In a 4-3 decision, the Ohio Supreme Court recently decided a case with potentially far-reaching implications for Ohio Workers’ Compensation Violation of a Specific Safety Requirement (VSSR) Law. State ex rel. Jackson Tube Serv., Inc. v. Indus. Comm., 154 Ohio St.3d 180 (2018), held that the “impossibility defense” to violation of an OSHA standard could be imported into Ohio Workers’ Compensation Law as an affirmative defense to an alleged VSSR where an employer shows: (1) it would have been impossible to comply with the specific safety requirement or that compliance would have precluded performance of the work; and (2) that no alternate means of employee protection existed
or were available.
The alleged VSSR in question involved a worker being required to work under a suspended load – in this case, the flywheel of a cutoff machine to be replaced. When the sling securing the flywheel broke, the flywheel fell on the worker breaking both of his legs. In the VSSR Hearing before the Staff Hearing Officer, Jackson Tube argued it was impossible to comply with the specific safety requirement. The injured worker testified to his understanding that an alternative means was available to perform the task without suspending the flywheel. The Staff Hearing Officer found a VSSR. Jackson Tube moved for rehearing supported by an affidavit from the machine manufacturer stating that there were no alternative means to accomplish the necessary change.
the rehearing was denied, Jackson Tube sought a writ of mandamus arguing that the Industrial Commission had abused its discretion when it had rejected the impossibility defense. The Franklin County Court of Appeals denied Jackson Tube’s requested writ. Jackson Tube then appealed to the Ohio Supreme Court. Interestingly, neither the injured worker nor the Industrial Commission filed an appellee brief opposing Jackson Tube’s appeal.
The Ohio Supreme Court majority found two previous cases had attempted to borrow the impossibility defense to violation of an OSHA standard and utilize it as a defense to an alleged VSSR. The employer failed to succeed in either case because there had been “some evidence” contrary to the assertion of
impossibility. The Jackson Tube majority essentially re-weighed the evidence that had been before the Industrial Commission. It concluded that the injured worker’s supposition that alternative means were available had been mistaken. At the VSSR Hearing, Jackson Tube witnesses had testified that they were not aware of alternative means for changing the flywheel. The motion for rehearing had relied on a further affidavit from a Jackson Tube witness confirming the machine manufacturer’s conclusion that no alternative means of performance existed. The majority concluded that the Industrial Commission had abused its discretion in granting the VSSR “…because it relied on speculative testimony regarding the existence of alternative means of performance (which) proved wholly
nonexistent.” The high court ordered the Industrial Commission to vacate its previous order and to find no VSSR.

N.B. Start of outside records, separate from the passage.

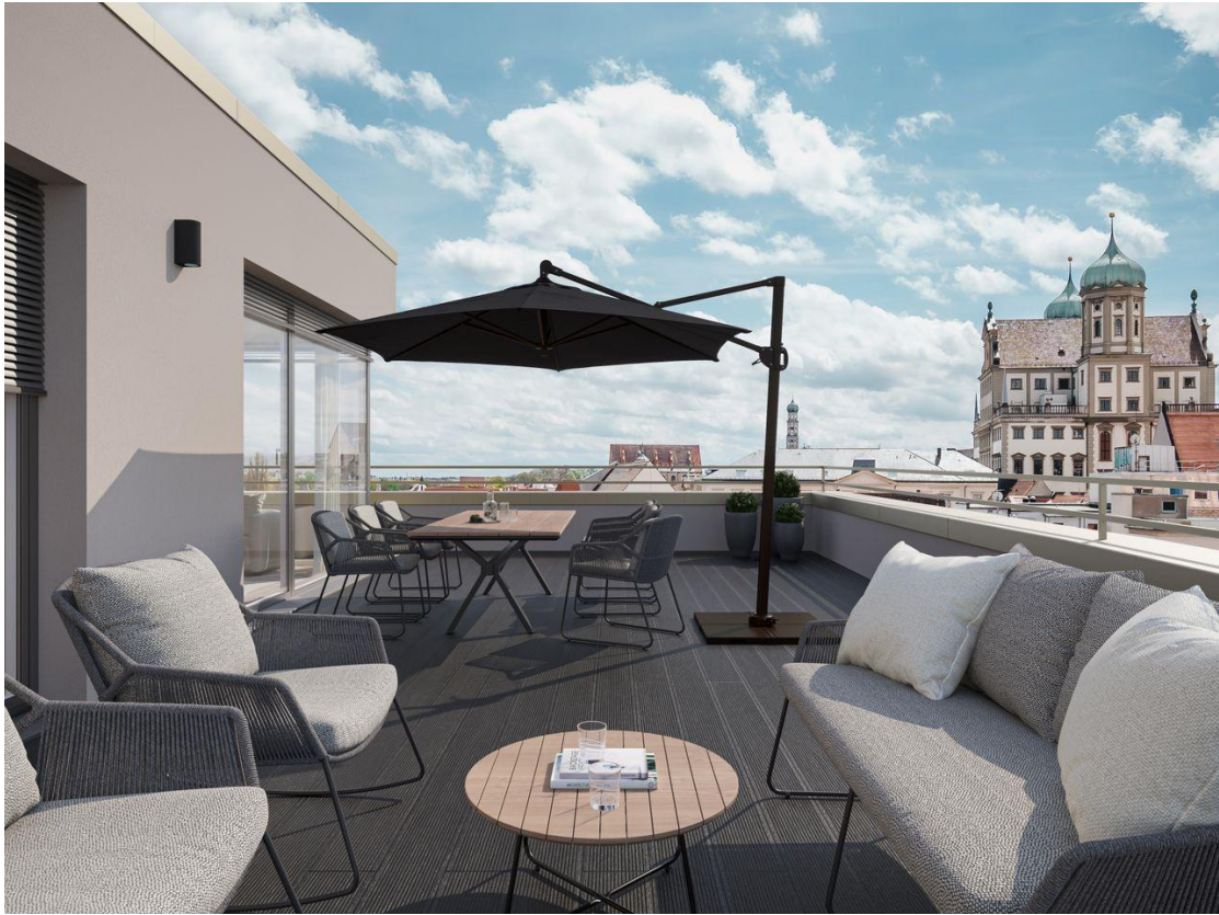
Penthouse Terrasse Rend 2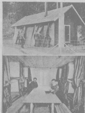
1) Зимняя квартира Амундсена на краю великаго леянаго барьера. 2) Внутренній видъ этой зимней квартиры, названной "Framheim".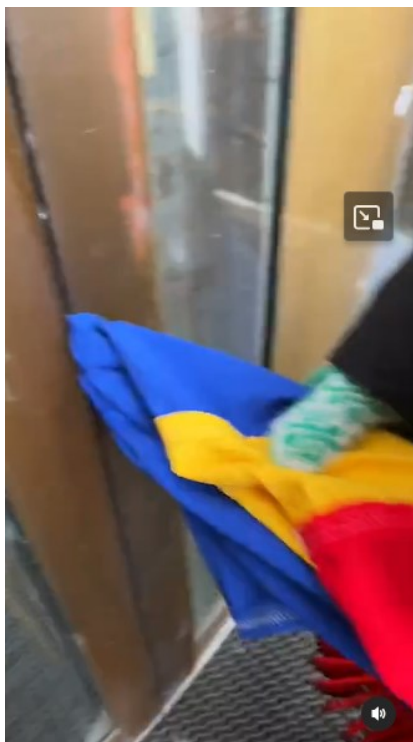
Kuva 5. Kuvakaappaus liukuovien väliin jääneestä lipusta (NSR Nuorat 2023)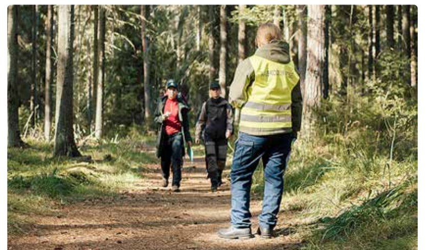
Võistkonnad läbisid 15 kontrollpunkti, mis paiknesid 12 kilomeetri pikkusel rajal.

Täname kõiki, kes ürituse õnnestumisele kaasa aitasid.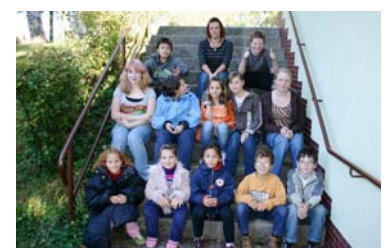
Oben: Die Teilnehmer Unten: Beim Laternenbasteln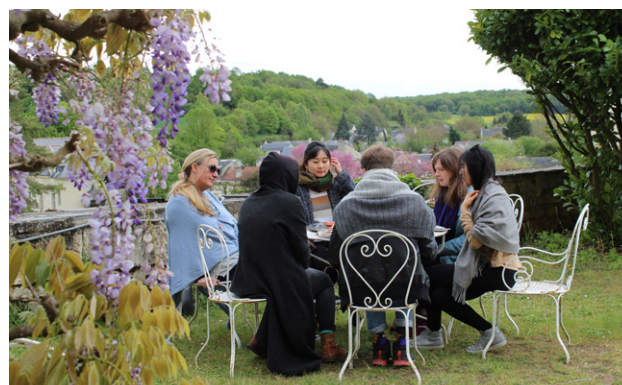
Résidents à Fontevraud, avril 2019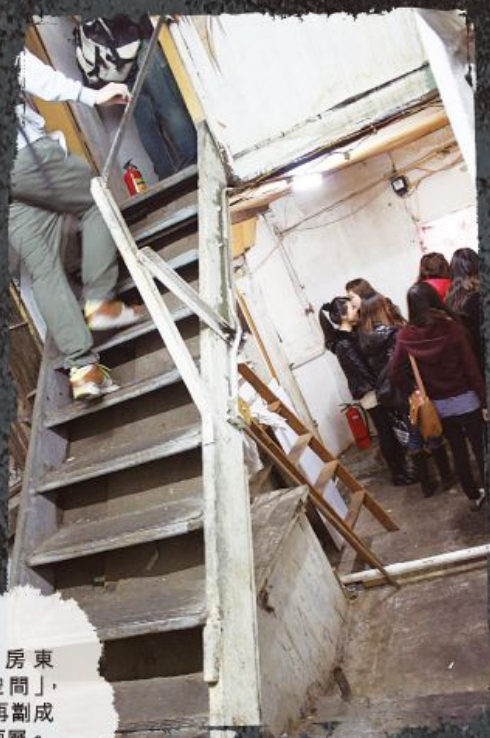
工廈二房東「善用空間」，把五樓再劏成上、下兩層。

及後新聞指二房東在庭上承認只支付 8,800 元租用這些單位。他否認自己違規建築，指 60 個劏房是上一手留下。他又說自己經營公司，租洋松街大廈是用來擺貨、存貨，分租只是以迷你倉形式，給租客作工業用途。事實上，那裡的住戶都非常反感，因為在清拆前的數個星期，他仍然不停向新租戶出租劏房，令不知情者「入局」，這種「你情我願」在資訊極不平衡下，是極之不公道的！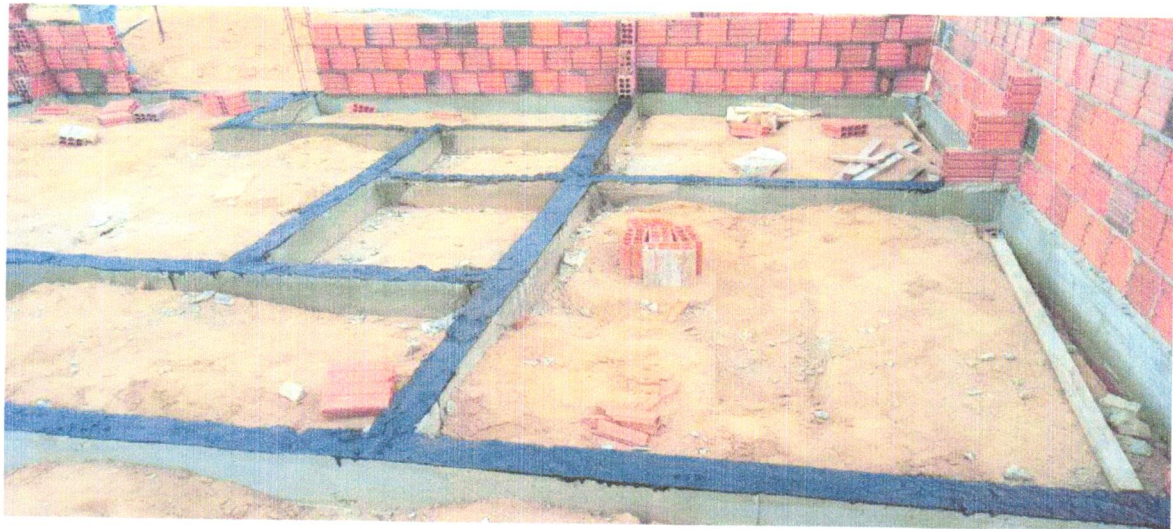
FOTO 12 - IMPERMEABILIZAÇÃO DE SUPERFÍCIE COM EMULSÃO ASFÁLTICA, 2 DEMÃOS AF_06/2018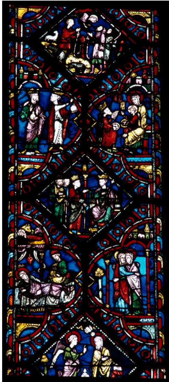
Vue de détail de la lancette droite : six scènes de l'Enfance du Christ de l'Annonciation à l'Annonce aux bergers.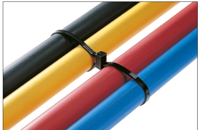
Legatura di due cablaggi paralleli con fascette della serie DH.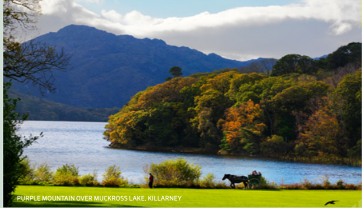
PURPLE MOUNTAIN OVER MUCKROSS LAKE, KILLARNEY

Visitantes contiene una exposición multilingüe, una presentación audiovisual, un ferrocarril modelo Kerry y una zona de observación de aves.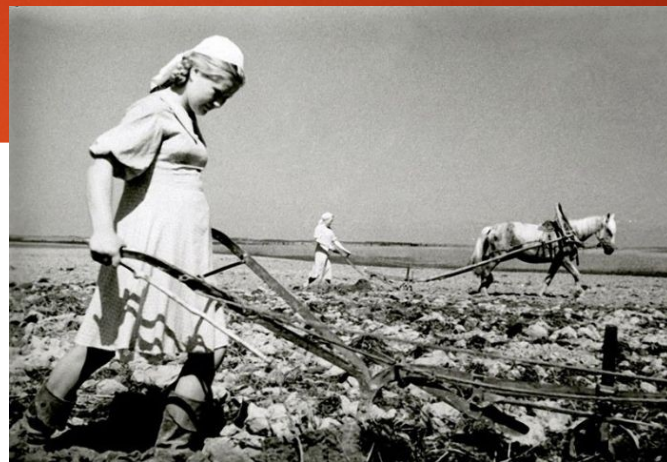
Трудились в поле от зари до зари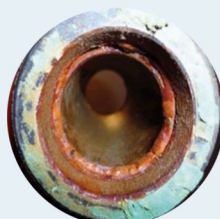
Avec HOME0 DEKALC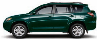
6T3 Forêt noire nacré B,C,E,F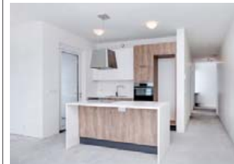
Eldhúsið er miðsvæðis með þægilegri eyju.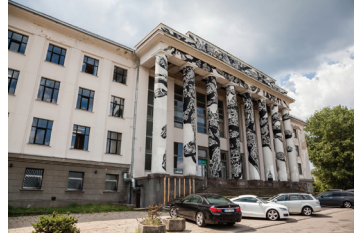
3 M-CITY V. Mykoliaičio-Putino 5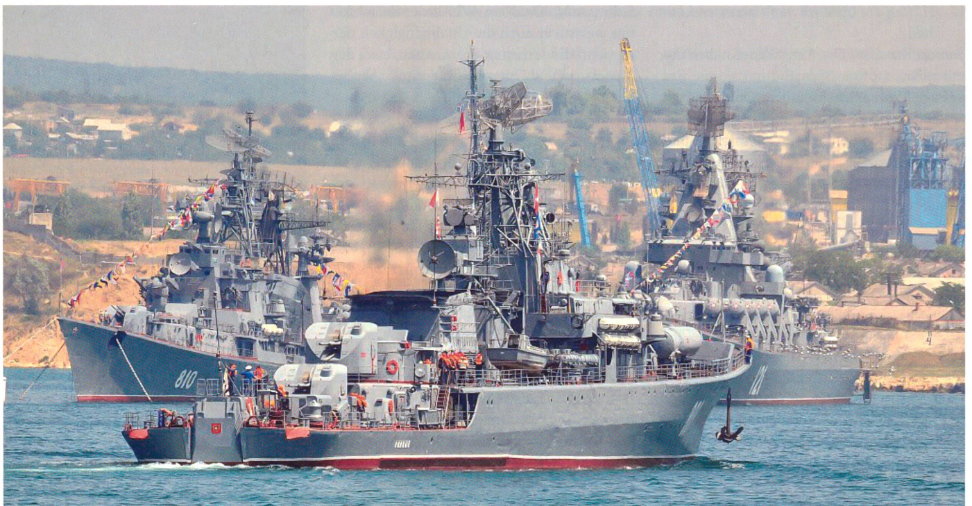
Zwei der drei an der Aktion gegen Georgien beteiligten russischen Kriegsschiffe sind hier im Hafen von Sevastopol vor Anker erkennbar, nämlich hinten links der Raketenzerstörer 810 «Smetlivyi» der «Kashin»-Klasse und hinten rechts der Raketenkreuzer 121 «Moskva» der «Slava»-Klasse. Vorne ist ferner die Raketenfregatte 801 «Ladnyi» der «Krivak II»-Klasse sichtbar.

Wenn schon, sagen einige, liegt der Fehler beim Westen selber. Natürlich, diese Wortwahl kommt uns bekannt vor. Wenn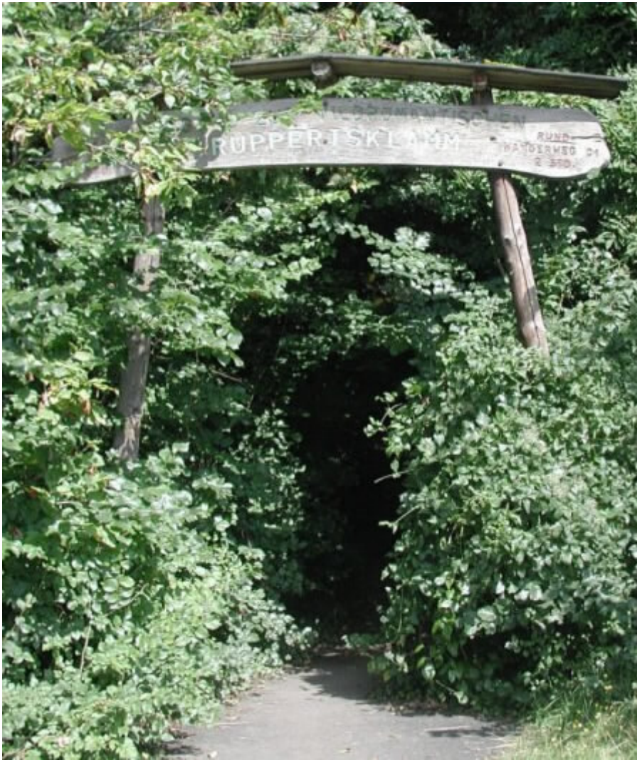
Bild des Eingangs

Chief Justice O’Connor, joined by two other justices, provided a spirited dissent which essentially accused the majority of undermining settled VSSR jurisprudence. First, she observed that the abuse-of-discretion standard only requires “some evidence” for the Industrial Commission’s determination, a requirement which had been met here because the Industrial Commission heard evidence from both the injured worker and the employer. Second, she indicated Jackson Tube sought relief from the VSSR not based on evidence heard by the Industrial Commission. Instead, Jackson Tube sought to use new evidence to support arguments already rejected by
the Commission. The majority, she wrote, was unfairly allowing “…a second bite at the apple.” Finally, the Chief Justice was highly critical of the process used by the majority in creating a new Ohio legal rule by borrowing from federal case law without it having been briefed or argued. “[I]t is unwise,” she wrote “for us to announce a new rule of law in this case where there is no need to do so.”
Just how far-reaching the implications of Jackson Tube will prove to be remains to be seen. Employers are well advised to assert “impossibility” as an affirmative defense to a VSSR whenever possible. Much like the affirmative defense of “unilateral employee negligence,” it may prove useful in certain unusual circumstances. Moreover, there has been some
commentary in the injured worker community that importing OSHA concepts into Ohio Workers’ Compensation Law may have the beneficial effect of revising outdated Ohio safety regulations. To the extent that OSHA concepts are introduced in workers’ compensation claims, it may be that employers may experience more separate OSHA claims from injured workers and their counsel. Finally, it is worth noting that the Jackson Tube 4-3 Ohio Supreme Court was composed of all Republicans. Two of the Republican Justices have been replaced by Democrats for the term starting January 2019. One of the replaced Justices was in the majority. The other dissented. Thus, it remains uncertain whether Ohio’s Supreme Court, as currently constituted, will continue to embrace federal OSHA standards in
addressing cases under Ohio’s workers’ compensation laws.